Alice belum menanggapi apapun. Ia masih mengamati kepergian taksi yang membawa orang yang baru saja ia tolong itu. "Aku bukan pahlawan, aku hanyalah seorang pendosa."
"Semua orang adalah pendosa, hanya dosanya saja yang berbeda-beda. Bicara soal dosa, nanti malam pesta pembukaan Fortuna's Gacha pasti akan berlangsung sangat meriah. Akan ada minuman, narkoba, wanita, dan uang yang dihambur-hamburkan. Daripada mereka menggunakannya untuk berjudi, lebih baik mereka menyumbangkannya kepada anak yatim piatu seperti kami. Kau paham maksudku, bukan?"

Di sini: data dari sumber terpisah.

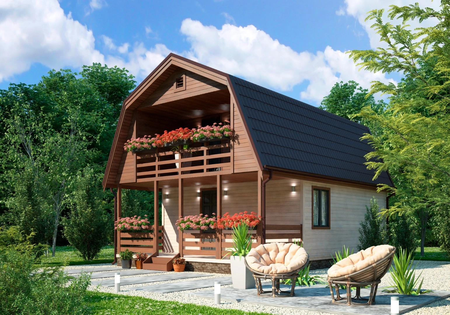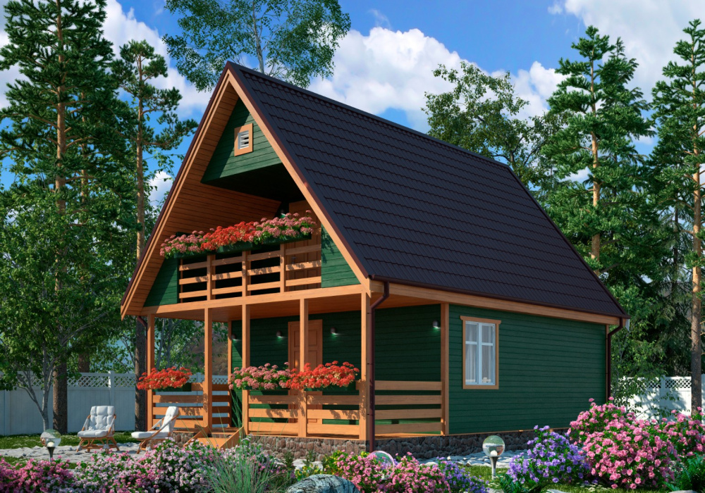 Практичный дачный дом с просторной мансардой и террасой. Отлично подойдёт для продолжительного отдыха на живописном берегу водоёма или вблизи лесного массива. Срок возведения всего — от 5 дней. Общая площадь — 73,09 м².
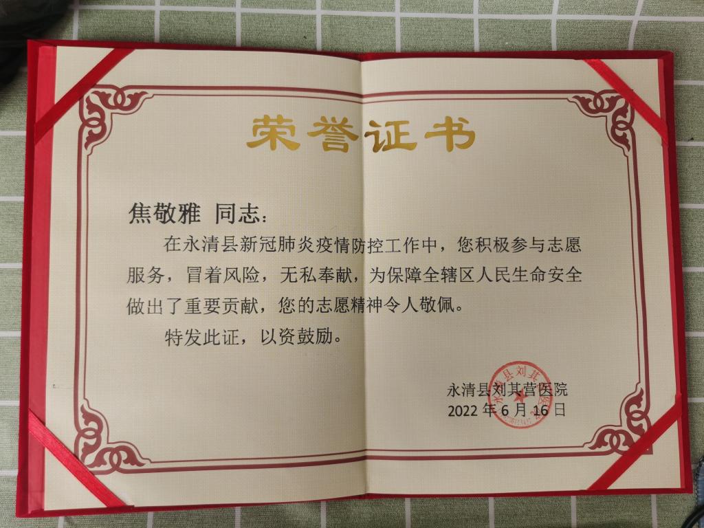 软件工程系的老师、学生积极投身抗疫工作一线, 他们协助医护人员有序组织居民、村民进行核酸检测、配合小区物业(村委会)为居民们提供所需物品、在各点位站岗、开展测温等工作,不怕苦、不怕累,致力为居民提供贴心的服务和帮助,为自己家乡的疫情防控工作做出了贡献。永清县刘其营医院对焦敬雅同志在此次疫情中所做的工作给予了高度评价,并授予了荣誉证书。
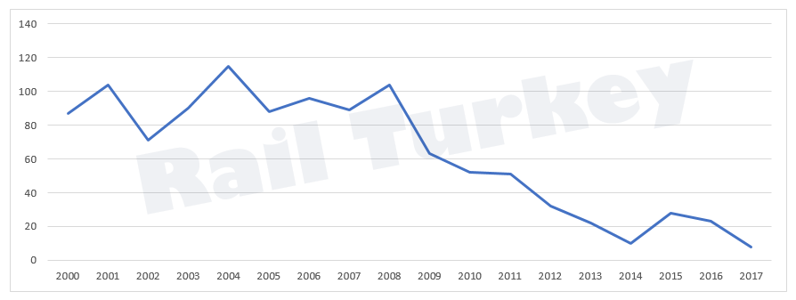 Demiryolunda en acı sonuçlar bu tür kazalarda meydana geliyor. Hala hafızalarımızdan silinmeyen Çorlu ve Pamukova kazaları derayman kazaları. İşte 2000 yılından bu yana demiryollarımızdaki deraymanların grafiği:
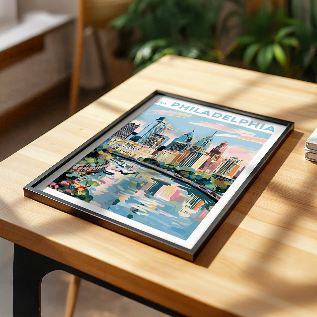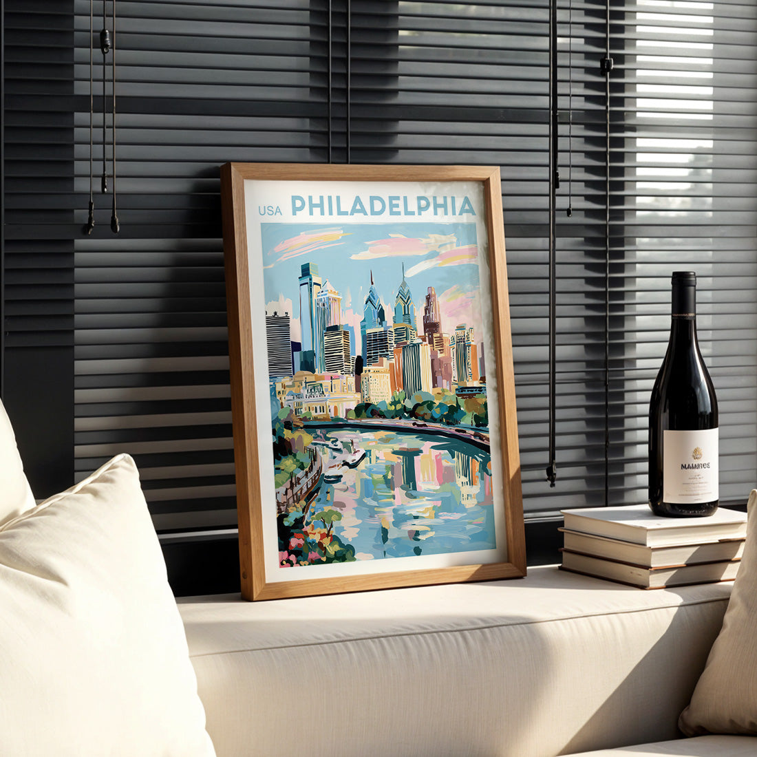 Illustrated in a painterly contemporary style, this Philadelphia wall art adds culture and sophistication to any room, making it perfect for a study, hallway, or living space.
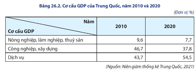- Dịch vụ là ngành có tốc độ phát triển rất nhanh và chiếm tỉ trọng cao nhất trong GDP của Trung Quốc. Năm 2020, ngành dịch vụ thu hút đến 47,3% lao động của nền kinh tế.
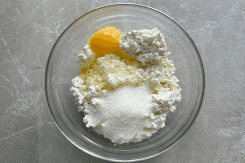 К творогу добавить 1 яйцо, сахар.
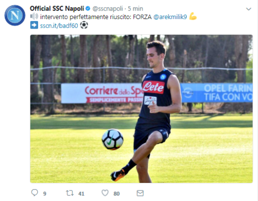 Il calciatore del Napoli Arkadius Milik si è sottoposto all'intervenuto chirurgico al ginocchio destro. L'intervento è perfettamente riuscito, come conferma...
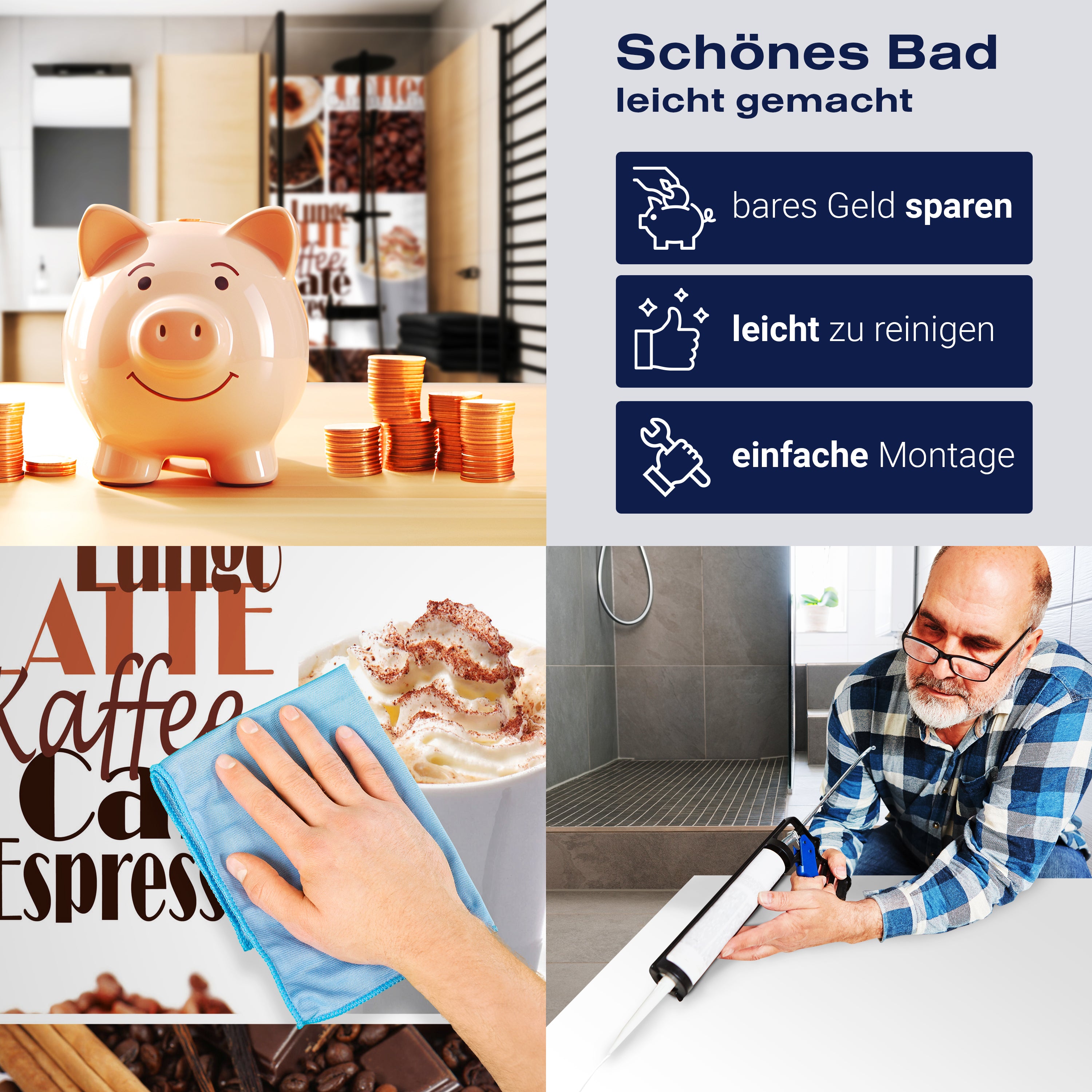 Bist du es leid, auf die langweiligen, schwer zu reinigende Fliesen in deiner Dusche zu schauen? Stell dir vor, wie dein Bad mit einer stilvollen, modernen Rückwand zum Leben erwacht! Unsere Duschwand 'Kaffee' ist nicht nur ein optisches Highlight, sondern auch praktisch und pflegeleicht.
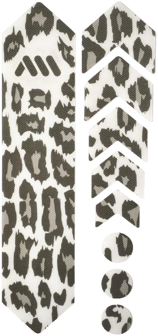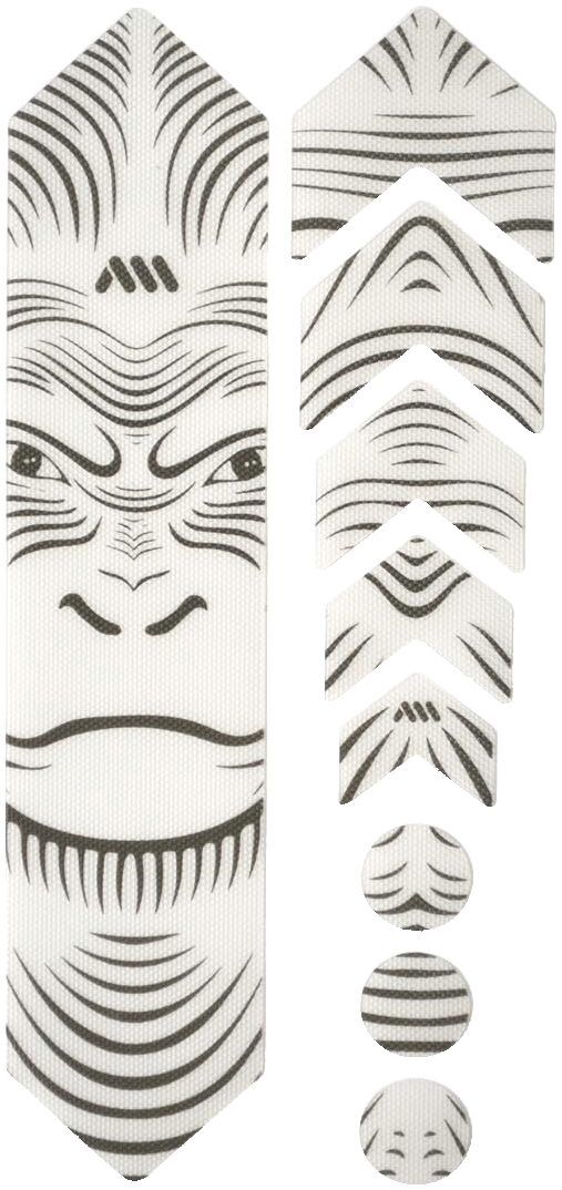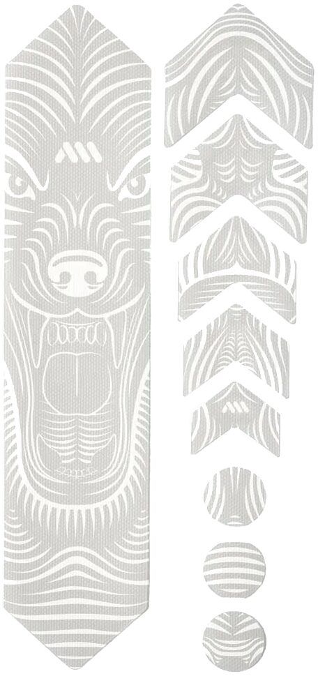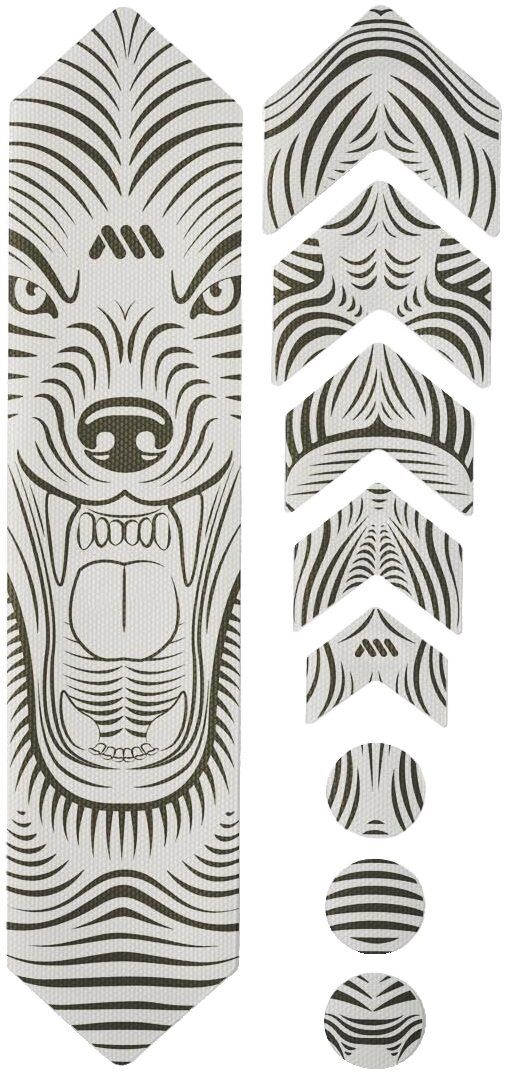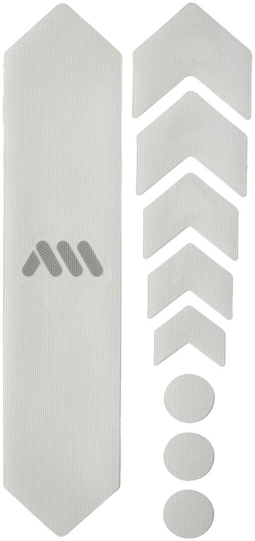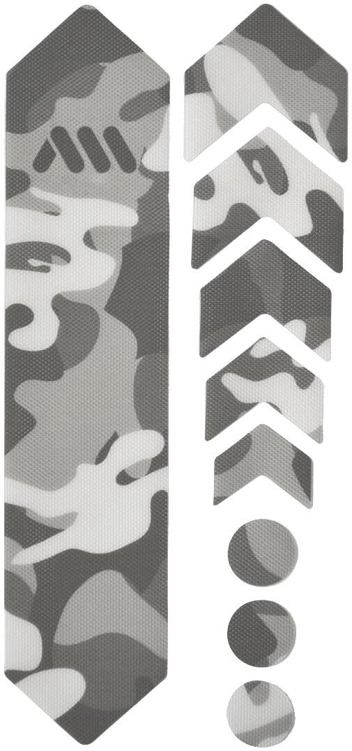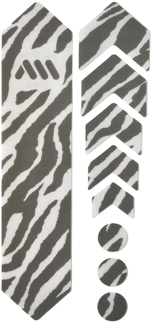 - 9 parts for a universal protection system: 1 big part for the down tube, 5 arrow parts for extending protection on down tube, chainstay, or top tube, and 3 circles for cable wear protection

Alice menatap Foxy dengan mata yang sayu. Ia belum tidur selama berhari-hari. "Acara nanti malam bukanlah ranahku. Jika kau ingin beraksi di sana, kau akan melakukannya tanpa pengawalan. Sebaiknya, kau jauhi acara itu."
"Tapi, kami semua sedang membutuhkan uang."
"Baiklah, jangan katakan aku tidak memperingatkanmu soal ini. Perusahaan itu menyewa keamanan swasta yang cukup bagus. Kau tidak akan bisa bergerak dengan leluasa. Jika kau tetap nekat, pikirkan saja bagaimana cara melarikan diri dari tempat itu dengan cepat tanpa tertangkap."
Alice pun mulai melangkah pergi meninggalkan Foxy dan Zack. Foxy langsung berpikir keras, apakah ia akan melewatkan kesempatan emas ini begitu saja? Tapi, di sisi lain ada juga resiko besar yang harus mereka hadapi.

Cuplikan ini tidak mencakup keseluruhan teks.